= Berlin Graduate School of Social Sciences =

== History ==
Emerging from the Graduiertenkolleg “Das Neue Europa”, the Berlin Graduate School of Social Sciences has been founded in 2002. For a five-year period the BGSS has been a pilot project by the German Academic Exchange Service (German Deutsche Akademische Austauschdienst). In 2007 the Graduate School became an integral part of the Department of Social Sciences at Humboldt University Berlin. Since November 2007 the doctoral program is funded by the Excellence Initiative of the German federal and state governments.

== Research areas ==
Research at the BGSS is focused on the comparative analysis of social inclusion and democratic performance of modern societies. Recently, the role of knowledge in democratic societies has been added as a third research focus.

===Varieties of inclusion===
This research area is concerned with the question whether and how modern societies are able to cope with contemporary problems of inclusion and exclusion, discrimination and diversity, heterogeneity and individualization. Topics are:
- Social inequality, well-being and justice
- Social protest and social conflict
- Migration and cultural diversity
- Conflict in and management of collective identities

===Varieties of democracy===
This research area looks at the conditions of the establishment, stability and development of democratic structures in modern societies. Topics are:
- Performance of mature and young democracies
- Processes of democratization, and the resilience of autocracy
- Multilevel and multinational policy
- Political institutions, political conflict, and the welfare state

===Varieties of knowledge===
This research area is concerned with the role of scientific and non-scientific knowledge in the reproduction of democratic societies. Topics include:
- Scientific knowledge in processes of policy-making
- The impact of science on processes of inclusion and democratization
- Communicating knowledge in public spheres
- The governance of science

== Networks ==
The BGSS collaborates with the following non-university research institutions exchanging doctoral and senior researchers.
- Social Science Research Center Berlin (German Wissenschaftszentrum Berlin für Sozialforschung)
- Centre Marc Bloch
- Institute for Research Information and Quality Assurance (German Institut für Forschungsinformation und Qualitätssicherung)
- Hertie School of Governance
- German Institute for Economic Research (German Deutsches Institut für Wirtschaftsforschung)

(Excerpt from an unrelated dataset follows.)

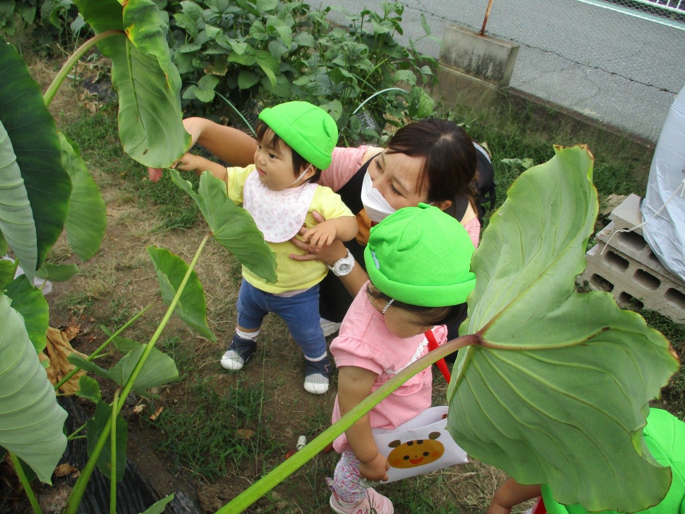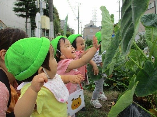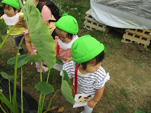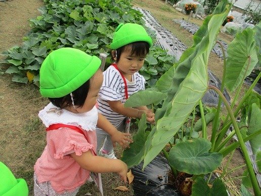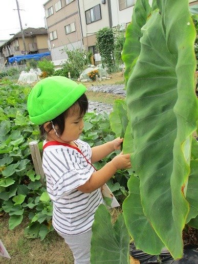 畑の里芋の大きな葉っぱに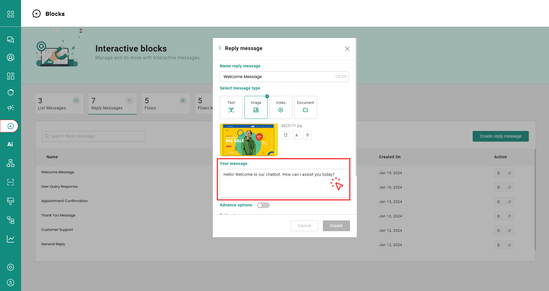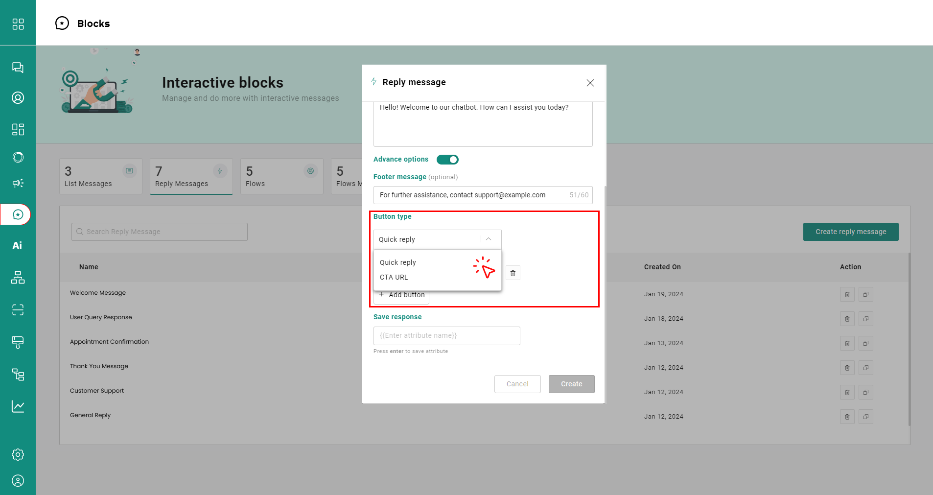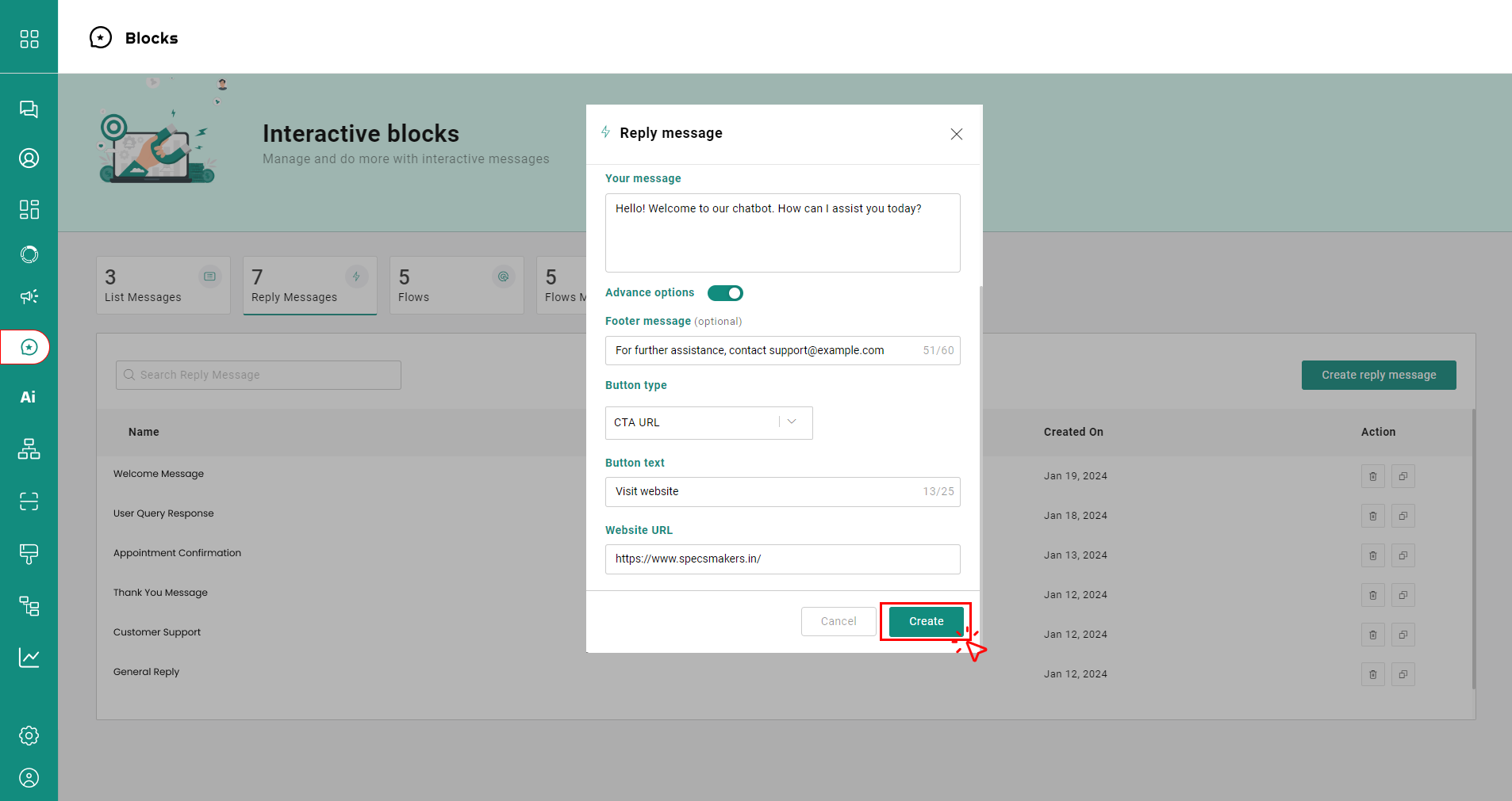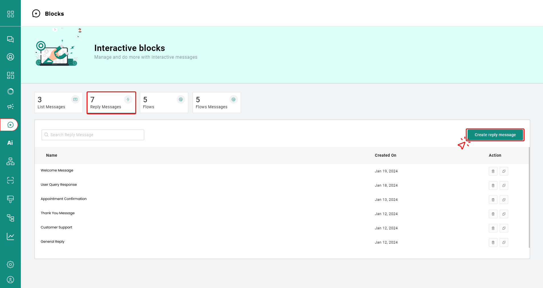 * Visit the '**Blocks**' page on the dashboard, click '**Reply Messages'** and tap '**Create Reply Messages'**.

The BGSS is host university of European PhD in Socio-Economic and Statistical Studies (SESS.EuroPhD), a consortium of European universities awarding the Doctor Europeus or European PhD.
Since 2010, Craig Calhoun is Einstein Visiting Fellow at BGSS.

== Notable faculty members ==
- Klaus Eder (Director of BGSS)
- Jutta Allmendinger (WZB)
- Hans Bertram
- Talja Blokland
- Hans Blokland
- Jürgen Gerhards
- Ellen Immergut
- Markus Jachtenfuchs
- Ruud Koopmans
- Wolfgang Merkel (WZB)
- Herfried Münkler
- Hildegard Maria Nickel
- Michael Zürn (WZB)

== Doctoral researcher activities ==
In 2010 doctoral researchers of BGSS and WZB organized the “Berlin Summer School in Social Sciences – Linking Theory and Empirical Research”. They also publish an Online Working Paper Series.

== Sources ==
- Website of Berlin Graduate School of Social Sciences: Faculty retrieved on August 23, 2011.